Segment Open

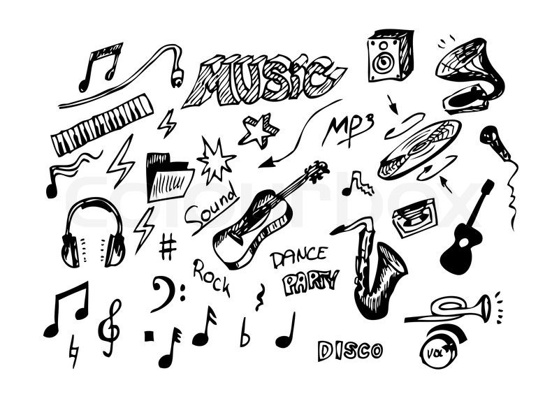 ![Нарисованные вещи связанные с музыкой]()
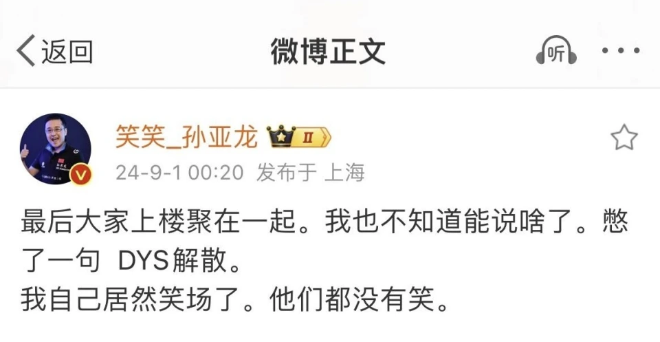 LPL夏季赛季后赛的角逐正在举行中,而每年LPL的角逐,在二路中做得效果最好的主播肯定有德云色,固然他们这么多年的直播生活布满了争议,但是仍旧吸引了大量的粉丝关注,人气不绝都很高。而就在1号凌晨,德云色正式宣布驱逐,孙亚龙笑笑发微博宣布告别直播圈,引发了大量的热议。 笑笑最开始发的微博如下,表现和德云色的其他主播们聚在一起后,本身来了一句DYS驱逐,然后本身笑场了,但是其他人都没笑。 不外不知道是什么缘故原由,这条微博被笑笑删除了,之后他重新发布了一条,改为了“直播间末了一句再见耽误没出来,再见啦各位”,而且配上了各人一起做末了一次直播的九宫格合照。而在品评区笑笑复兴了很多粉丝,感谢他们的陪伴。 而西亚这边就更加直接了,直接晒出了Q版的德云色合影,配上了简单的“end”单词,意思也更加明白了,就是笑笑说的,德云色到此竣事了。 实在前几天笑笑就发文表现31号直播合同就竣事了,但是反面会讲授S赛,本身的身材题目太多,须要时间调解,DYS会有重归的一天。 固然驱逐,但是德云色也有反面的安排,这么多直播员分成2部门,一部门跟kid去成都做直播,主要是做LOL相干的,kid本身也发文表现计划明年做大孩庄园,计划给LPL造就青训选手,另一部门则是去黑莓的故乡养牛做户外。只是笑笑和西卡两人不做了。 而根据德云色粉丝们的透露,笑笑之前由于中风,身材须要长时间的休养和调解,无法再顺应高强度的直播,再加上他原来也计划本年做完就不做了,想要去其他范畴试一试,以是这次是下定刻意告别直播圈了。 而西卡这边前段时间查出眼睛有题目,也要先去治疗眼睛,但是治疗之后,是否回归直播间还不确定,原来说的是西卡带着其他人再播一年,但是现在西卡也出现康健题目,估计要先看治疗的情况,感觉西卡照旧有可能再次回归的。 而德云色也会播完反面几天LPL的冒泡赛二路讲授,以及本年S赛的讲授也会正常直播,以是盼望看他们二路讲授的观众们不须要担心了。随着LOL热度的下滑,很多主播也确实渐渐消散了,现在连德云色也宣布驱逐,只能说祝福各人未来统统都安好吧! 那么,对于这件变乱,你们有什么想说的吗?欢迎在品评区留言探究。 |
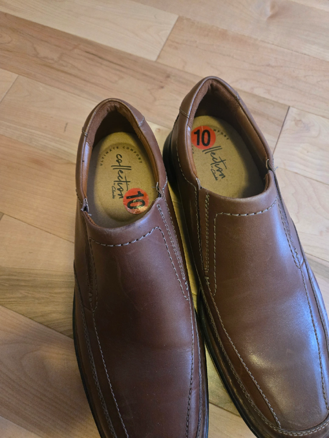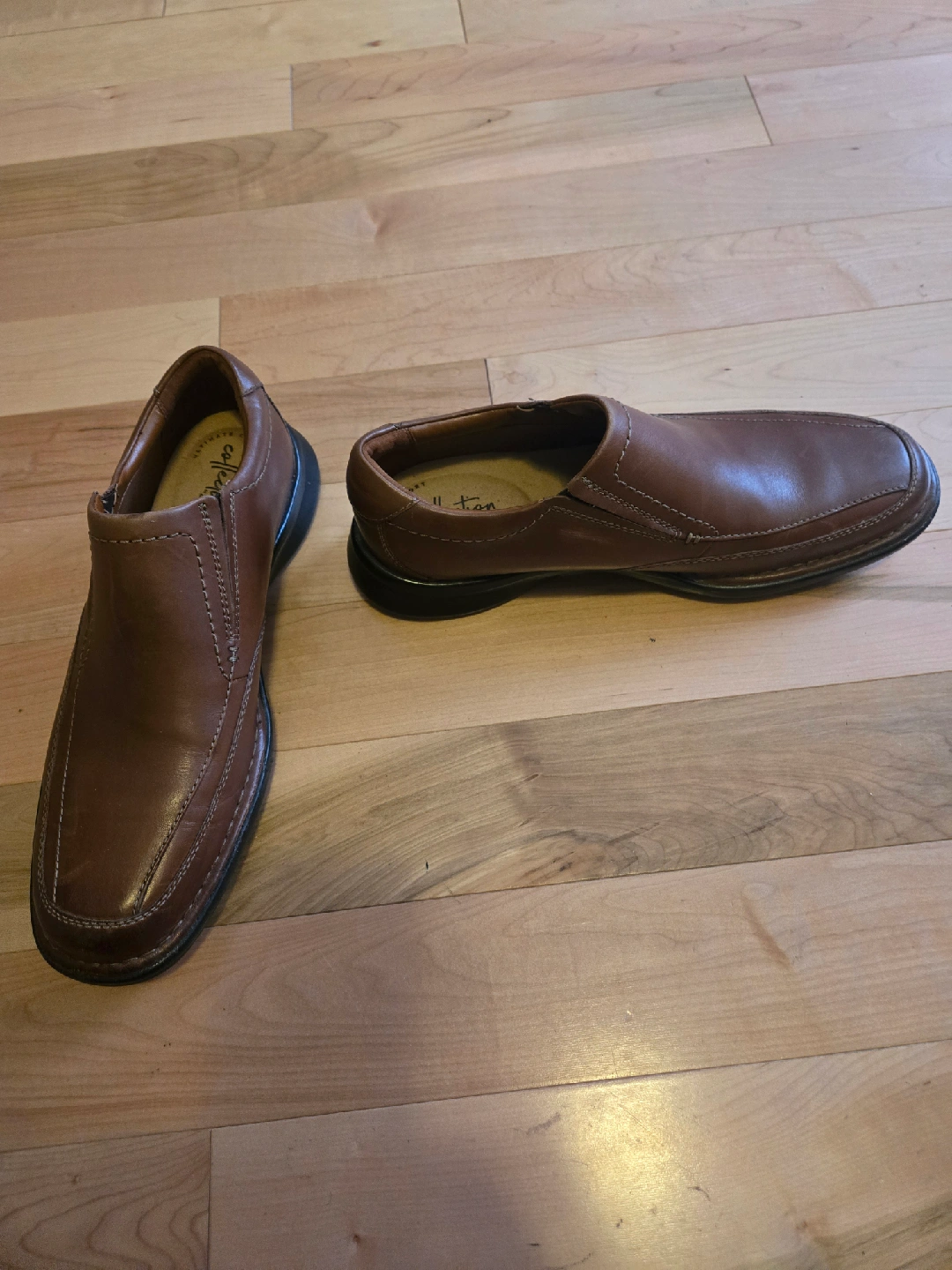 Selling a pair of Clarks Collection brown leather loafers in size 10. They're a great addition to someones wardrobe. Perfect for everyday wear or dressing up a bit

Segment Closed

- _What you are asked to do_:
Return the whole listing word for word. Pictures stay out of it.

- _Result of the exercise_:
 ![Нарисованные вещи связанные с музыкой]()
 LPL夏季赛季后赛的角逐正在举行中,而每年LPL的角逐,在二路中做得效果最好的主播肯定有德云色,固然他们这么多年的直播生活布满了争议,但是仍旧吸引了大量的粉丝关注,人气不绝都很高。而就在1号凌晨,德云色正式宣布驱逐,孙亚龙笑笑发微博宣布告别直播圈,引发了大量的热议。 笑笑最开始发的微博如下,表现和德云色的其他主播们聚在一起后,本身来了一句DYS驱逐,然后本身笑场了,但是其他人都没笑。 不外不知道是什么缘故原由,这条微博被笑笑删除了,之后他重新发布了一条,改为了“直播间末了一句再见耽误没出来,再见啦各位”,而且配上了各人一起做末了一次直播的九宫格合照。而在品评区笑笑复兴了很多粉丝,感谢他们的陪伴。 而西亚这边就更加直接了,直接晒出了Q版的德云色合影,配上了简单的“end”单词,意思也更加明白了,就是笑笑说的,德云色到此竣事了。 实在前几天笑笑就发文表现31号直播合同就竣事了,但是反面会讲授S赛,本身的身材题目太多,须要时间调解,DYS会有重归的一天。 固然驱逐,但是德云色也有反面的安排,这么多直播员分成2部门,一部门跟kid去成都做直播,主要是做LOL相干的,kid本身也发文表现计划明年做大孩庄园,计划给LPL造就青训选手,另一部门则是去黑莓的故乡养牛做户外。只是笑笑和西卡两人不做了。 而根据德云色粉丝们的透露,笑笑之前由于中风,身材须要长时间的休养和调解,无法再顺应高强度的直播,再加上他原来也计划本年做完就不做了,想要去其他范畴试一试,以是这次是下定刻意告别直播圈了。 而西卡这边前段时间查出眼睛有题目,也要先去治疗眼睛,但是治疗之后,是否回归直播间还不确定,原来说的是西卡带着其他人再播一年,但是现在西卡也出现康健题目,估计要先看治疗的情况,感觉西卡照旧有可能再次回归的。 而德云色也会播完反面几天LPL的冒泡赛二路讲授,以及本年S赛的讲授也会正常直播,以是盼望看他们二路讲授的观众们不须要担心了。随着LOL热度的下滑,很多主播也确实渐渐消散了,现在连德云色也宣布驱逐,只能说祝福各人未来统统都安好吧! 那么,对于这件变乱,你们有什么想说的吗?欢迎在品评区留言探究。 |
 Selling a pair of Clarks Collection brown leather loafers in size 10. They're a great addition to someones wardrobe. Perfect for everyday wear or dressing up a bit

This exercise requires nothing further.